Set $S=\{|\omega|=1\}$, thus define $\xi(\rho_1,\rho_2)=\int_{S}\phi_1(\rho_1 x)\phi_2(\rho_2 x)$, if we are given that $\alpha_1\alpha_2=\beta_1\beta_2$, then we are going to prove:

$\xi(\alpha_1,\alpha_2)=\xi(\beta_1,\beta_2)$

consider unit vector $a,b$, by Poisson Integral,

$\phi(\alpha a)=\int_{S_b}K(\alpha a,\beta b)\phi(\beta b)$,

where

$\displaystyle K(\alpha a,\beta b)=\frac{\beta^{n-2}(\beta^2-\alpha^2)}{C_n(\alpha^2+\beta^2-2\alpha\beta\cos(a,b))^{n/2}}$,

since $\alpha_1\alpha_2=\beta_1\beta_2$, thus we assume $\kappa=\frac{\alpha_1}{\beta_2}=\frac{\beta_1}{\alpha_2}$, we know that $K$ is homogeneous, hence

$K(\alpha_1 a,\beta_1 b)=K(\kappa\beta_2 a,\kappa\alpha_2 b)=K(\beta_2 a,\alpha_2 b)$.

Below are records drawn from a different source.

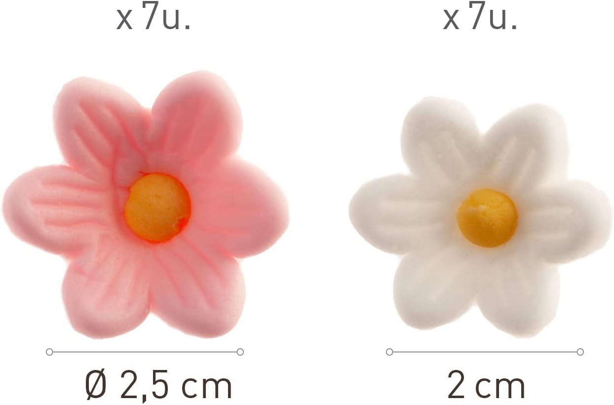 Decorazioni per torte con margherite - Fiori bianchi e rosa di alta qualità adatti per decorare torte di compleanno, battesimo o matrimonio Statuine di zucchero per torte - Decora tutti i tipi di torte, muffin o crostate, fatte in casa o acquistate, per dare loro un tocco floreale e personale che tutti adoreranno Decorazione facile da usare - Per principianti e professionisti nella pasticceria, con un risultato elegante e bello in pochissimo tempo Decorazione commestibile - Decorazioni boccioli di torta commestibili con bella forma di fiore 100% commestibile, quindi non devi preoccuparti di rimuoverli dalla torta Le figure di zucchero dal gusto neutro si abbinano perfettamente a torte al cioccolato, cheesecake, torte alle carote, pan di spagna o cupcakes senza alterarne il gusto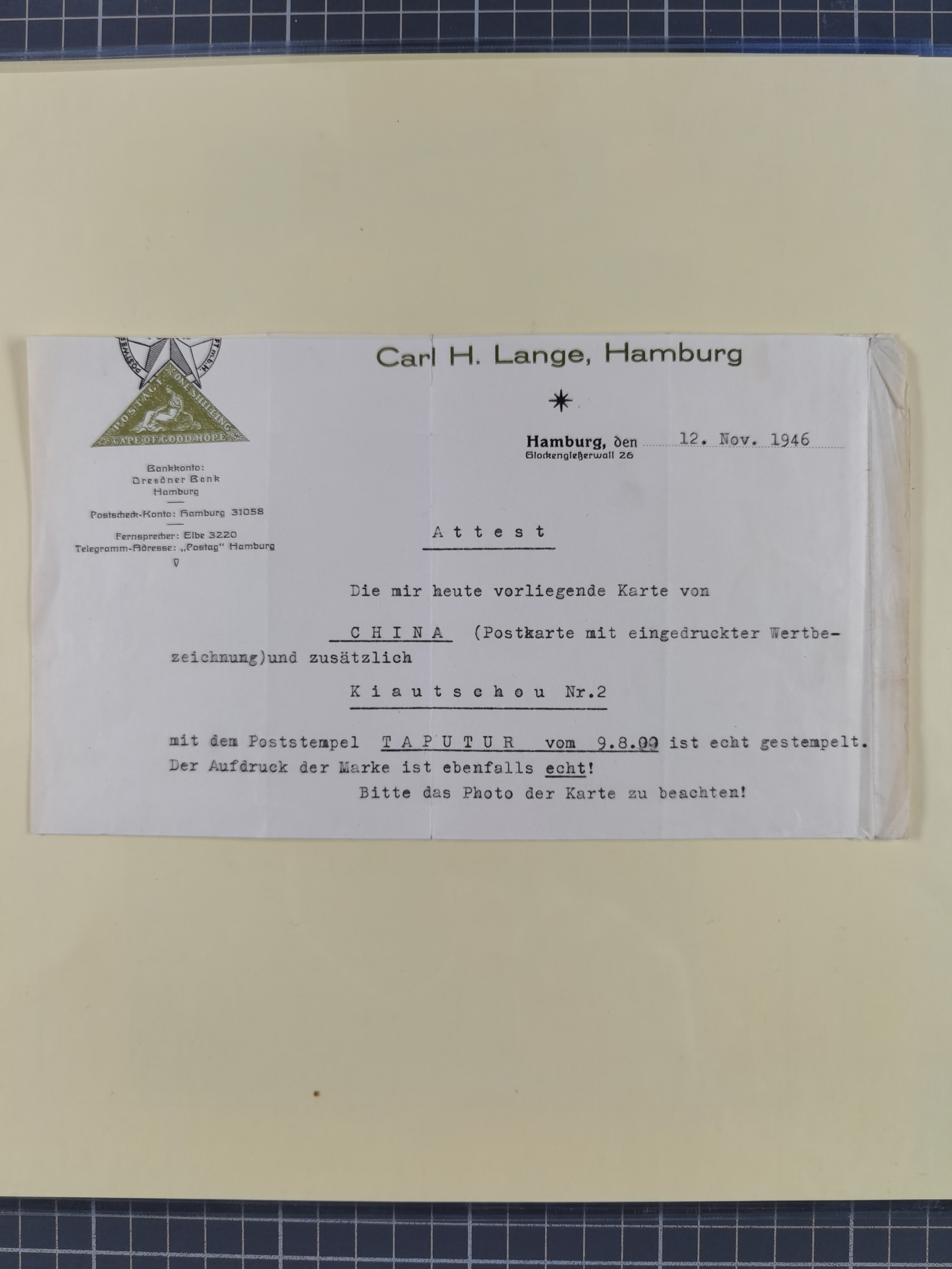 1905, Kaiseryacht 40 C., Unterrandstück mit HAN “H2657”, sauber mit EKr. “TSINGTAU 9/2 08” auf kleinem Briefstück, tadellos, eine mit HAN sehr seltene Marke, ProFi hat nur zwei weitere Stücke registriert, sign. Dr. Steuer VÖB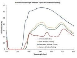 不同汽车玻璃在uv-vis-nir及nir波段的透过率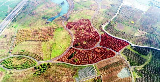 海峽兩岸農業合作網3月29日仙居訊 3月26日,在浙江臺州仙居臺灣農民創業園聞道農業休閒觀光基地,由苗木種植拼合而成的巨型“太極八卦”和“迷宮”等圖案,在春日暖陽照耀下炫麗奪目,構成了一幅生機勃勃的“鬧春圖”,讓路人流連忘返。(海峽兩岸農業合作網、仙居臺創園管委會聯合報道)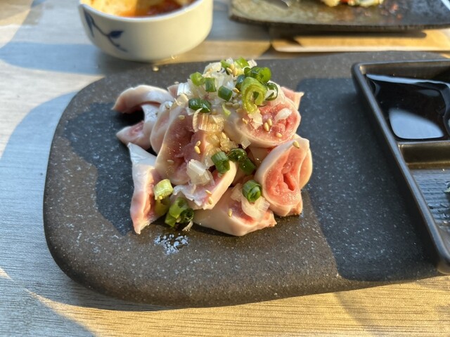 そしてスライスミノ。ミノって食べさせ方が一辺倒だけどこのミノは生ハムみたいに薄くスライスされててミノの革命です。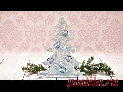 Decoupage krok po kroku - choinka z pastą strukturalną i śniegową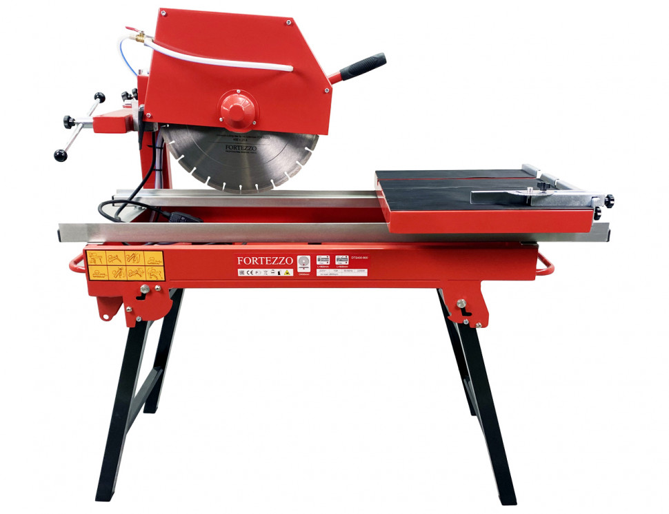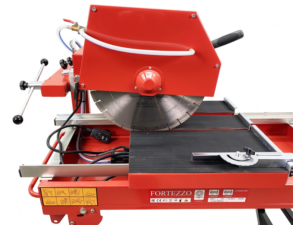 Камнерезный станок Fortezzo ST400-900 Предназначен обработки гранита, мрамора, натурального природного камня, бордюров, песчаника, стройматериалов. Благодаря наклоняемой режущей головке, можно производить рез материала под углом 45°. Рабочий стол размером 530х430 мм, на нем удобно размещать плитку и производить точный рез длиной до 900 мм, максимальная глубина пропила дом130 мм. Станок работает от сети 220 В и может применяться как в бытовых, так и в профессиональных целях.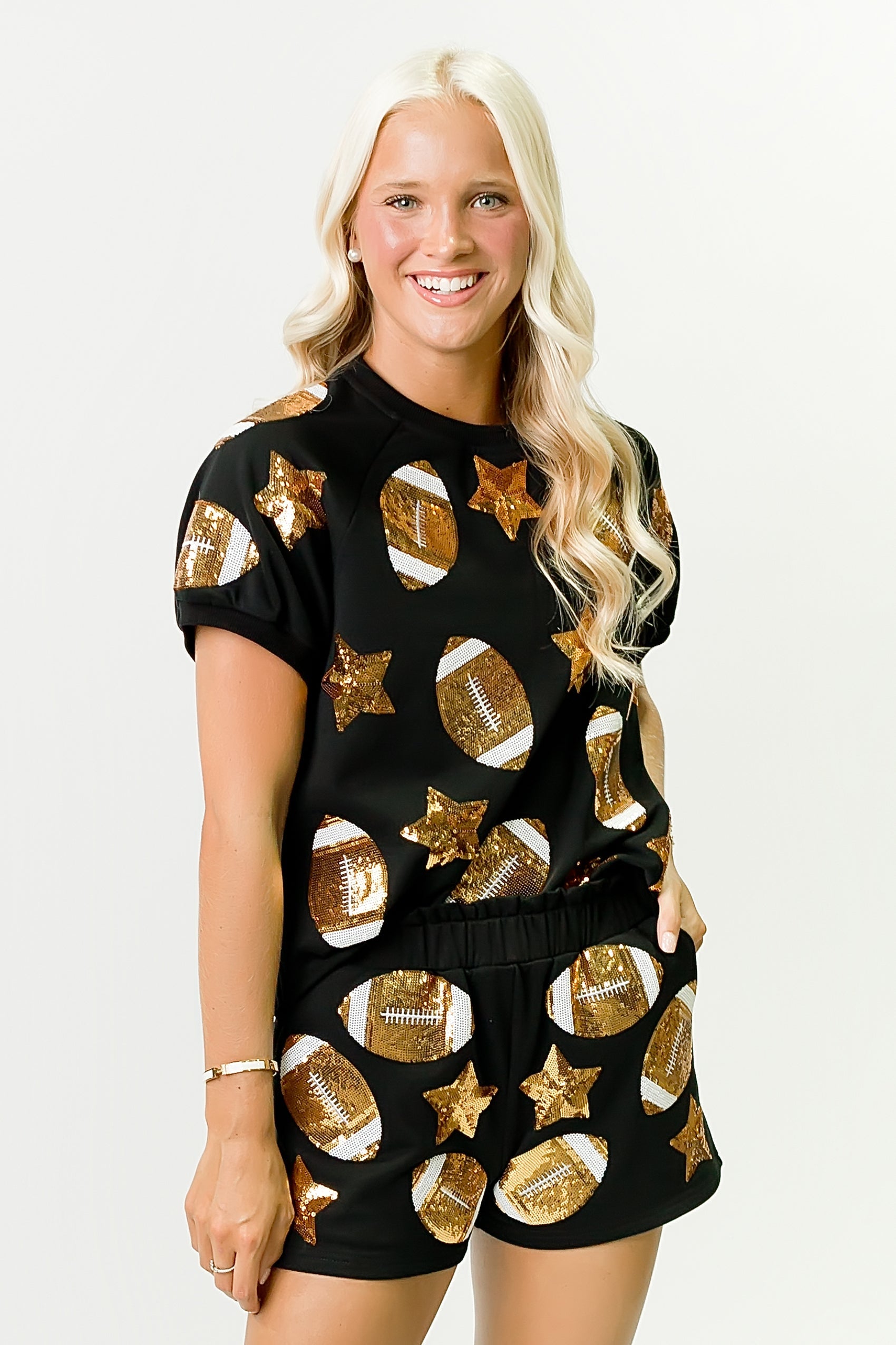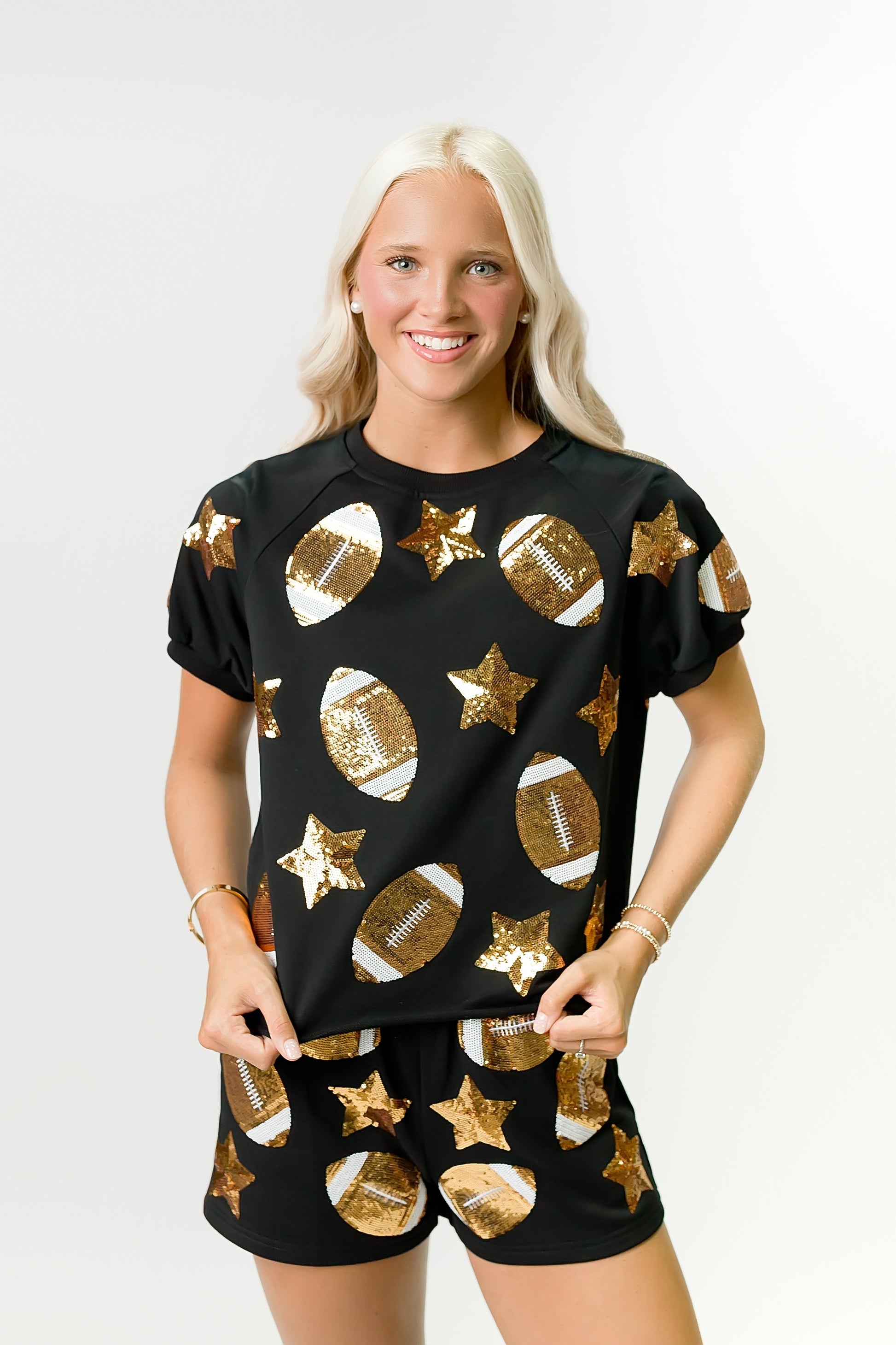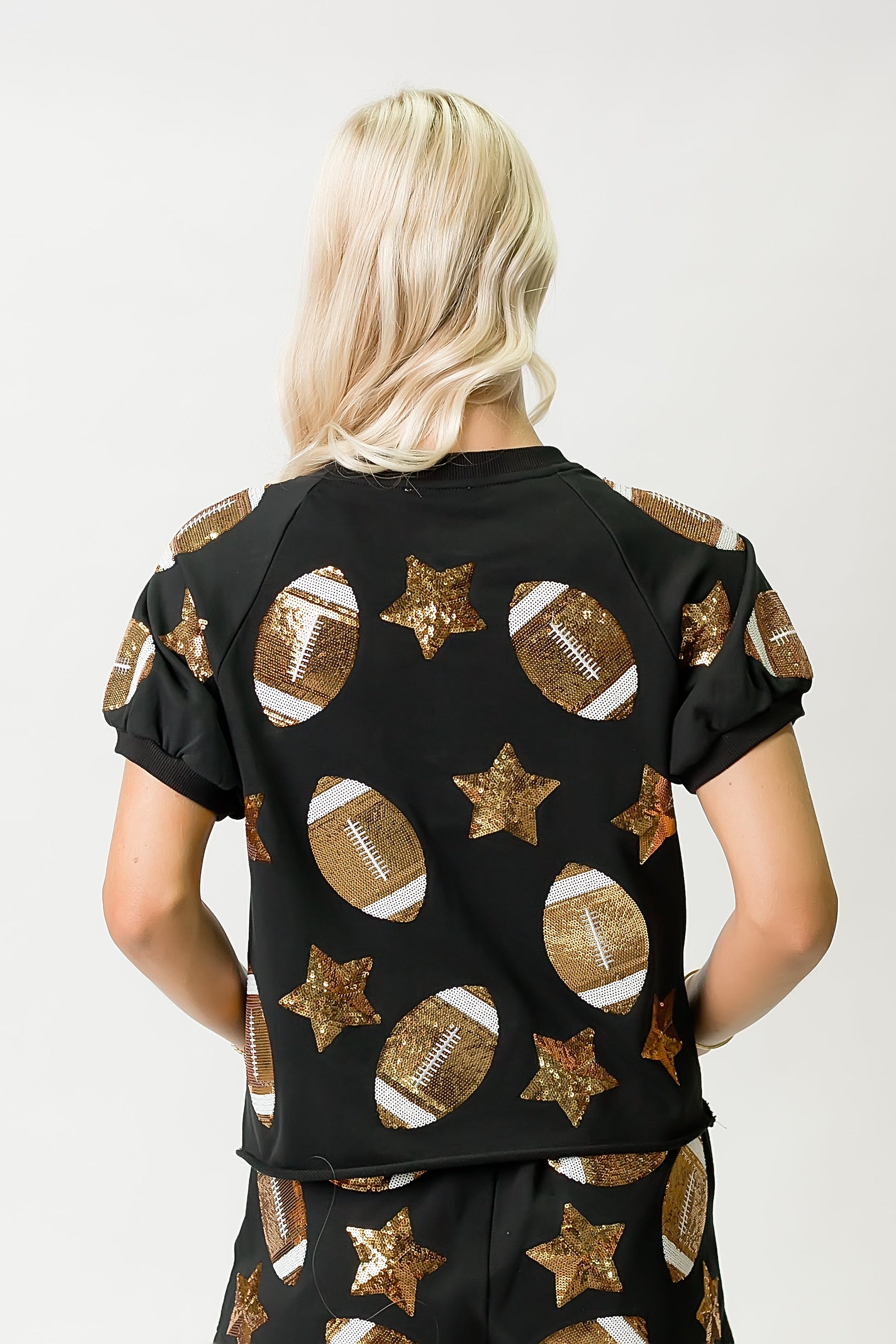 Shine bright on game day with this Black Football Sequin Top! Covered in sparkling sequins that catch every light, itโs perfect for showing off your team spirit with a fun, festive twist. Pair it with your favorite jeans or skirt for a playful look that scores style points wherever you go.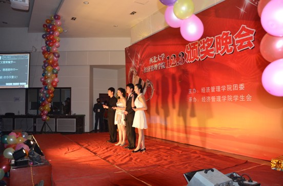 2011年12月3日晚上6点,由beat365官网学生会组织举办的“12.3”颁奖晚会在金海恒业报告厅成功举行。院学生会骨干、演出人员、领奖者以及各年级学生代表共计400多名同学参加了晚会。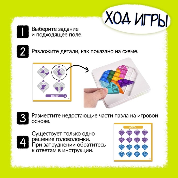 - В набор входят: игровое поле, 10 деталей, инструкция с заданиями.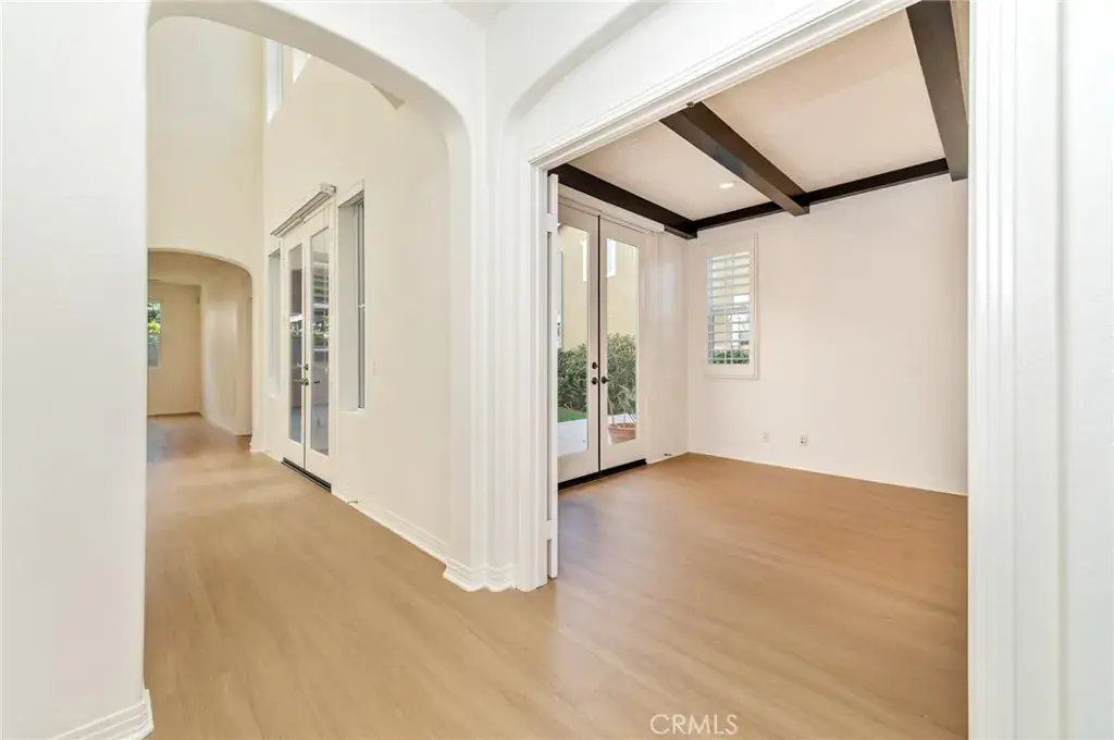 Former model home with 5 bedrooms, 4 full baths, and versatile living spaces. A first-floor bedroom with full bath provides main-level convenience, along with a private office and a separate casita/studio with its own entrance. The bright, open kitchen flows seamlessly into the living room and features an oversized island, ideal for entertaining. Soaring ceilings and soft-color hardwood floors create an elegant, connected feel throughout the home. Step outside to a beautifully landscaped backyard designed for outdoor dining, lounging, and easy everyday enjoyment. The upper level features a luxurious primary suite with a spa-inspired bath and custom walk-in closet. Three additional spacious bedrooms each offer private bath access, including a convenient Jack-and-Jill configuration. A three-car garage with epoxy flooring provides ample storage and parking. Community amenities include a pool, sport court, and park. Located within the sought-after “Irvine School District” and minutes from The District, shopping, dining, and major freeways. Ready to move in.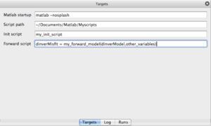 - Forward script is the Matlab script of the user that computes the forward model and the misfit between the forward model and the data. This line is executed as it would be in Matlab. Among its input, it should receive the DinverModel variable, a vector of real values containing the model parameters as defined in the Parameters panel. It has to output the variable DinverMisfit, containing the misfit value (real number).

$\xi(\alpha_1,\alpha_2)=\int_{S_a}\int_{S_b}K(\alpha_1 a,\beta_1 b)\phi_1(\beta_1 b)\phi_2(\alpha_2 a)$

which is

$\xi(\alpha_1,\alpha_2)=\int_{S_b}\int_{S_a}K(\beta_2 a,\alpha_2 b)\phi_2(\alpha_2 a)\phi_1(\beta_1 b)$

The inner integral is $\phi_2(\beta_2 a)$.

Done.

$\Box$